一种基于词库学习的饱和潜水氦语音解读方法,该方法应用于包括潜水员、校正网络和解读网络的系统中,该方法包括:建立饱和潜水作业常用工作语言词库,由潜水员分别在不同环境下朗读,生成校正网络的监督信号和矢量信号;校正网络对不同潜水员在不同潜水深度的氦语音进行学习得到网络校正参数,并对潜水员的氦语音进行校正得到校正语音;解读网络对校正语音进行学习并完成氦语音的解读。该方法通过设置潜水员在不同环境下个体语音信号特征和工作语言词库特征,将机器学习引入到氦语音解读中,解决了饱和潜水氦语音的解读问题,减少了网络对学习样本数的要求,提高了氦语音解读器在不同潜水深度的自适应性,尤其适合于不同潜水深度环境下的氦语音的完备解读。

Description

基于词库学习的饱和潜水氦语音解读方法 技术领域
本发明涉及氦语音解读技术,更为具体地说涉及一种基于词库学习的饱和潜水氦语音解读方法。
背景技术
21世纪是海洋经济时代,我们将要从海洋中获取人类所需的50%以上的清洁能源和生产资料。饱和潜水在航海作业、海洋开发、军事海洋、海上救援等领域有着及其重要的应用价值,是海洋经济发展不可或缺的组成部分。
由于深海作业环境和作业内容的特殊性,海洋中的许多工作还不能由载人深海潜水器或水下机器人去完成,需要潜水员直接下水、暴露在深海高压环境下应用饱和潜水技术进行作业。

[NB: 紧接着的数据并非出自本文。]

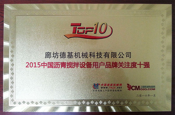 2016年1月,由中國路麵機械網和工程機械電商網,依據2015年全年內用戶對所有瀝青攪拌設備品牌、產品的瀏覽量及在線詢價次數而生成的品牌關注度指數,共同評選出“2015中國瀝青攪拌設備用戶品牌關注度十強”榜單。德基機械以較高關注度入圍並位列該榜單第二名。

为了满足潜水员在深海高压环境下的生理需求,目前潜水员基本上都采用氦氧混合气体作为潜水员饱和潜水作业时的呼吸气体。当潜水作业深度超过50米时,潜水员的语音通话失真明显;当潜水作业深度超过100米时,潜水员的语音通话开始严重失真,正常的语音变成奇异的“鸭叫”-氦语音,很难听懂潜水员的语音通话,造成潜水舱内外和潜水员之间联系困难,直接影响到潜水员的深海作业,甚至威胁到潜水员的生命。因此,迫切需要解决深海饱和潜水员的语音通信问题-氦语音解读问题。
目前,国内外现有的饱和潜水氦语音解读器都是通过潜水舱中的氦语音解读器,人工调整解读器的频域或时延特性对氦语音进行解读的,无法自适应饱和潜水作业深度,并且解读效果不理想,当潜水深度大于200米以后,氦语音解读器解读质量迅速下降,特别当潜水员的潜水深度在变化时,无法有效解读潜水员的氦语音。基于人工智能的饱和潜水氦语音解读技术目前国内外都处于刚刚起步阶段,鲜见实用的技术方案。如何充分利用人工智能机器学习的能力,结合饱和潜水场景潜水员和工作语言的特殊性,有效解读氦语音,是一个尚未解决的技术难题。
技术问题
本发明的目的在于,克服上述现有技术的缺陷,提供一种基于词库学习的饱和潜水氦语音解读方法。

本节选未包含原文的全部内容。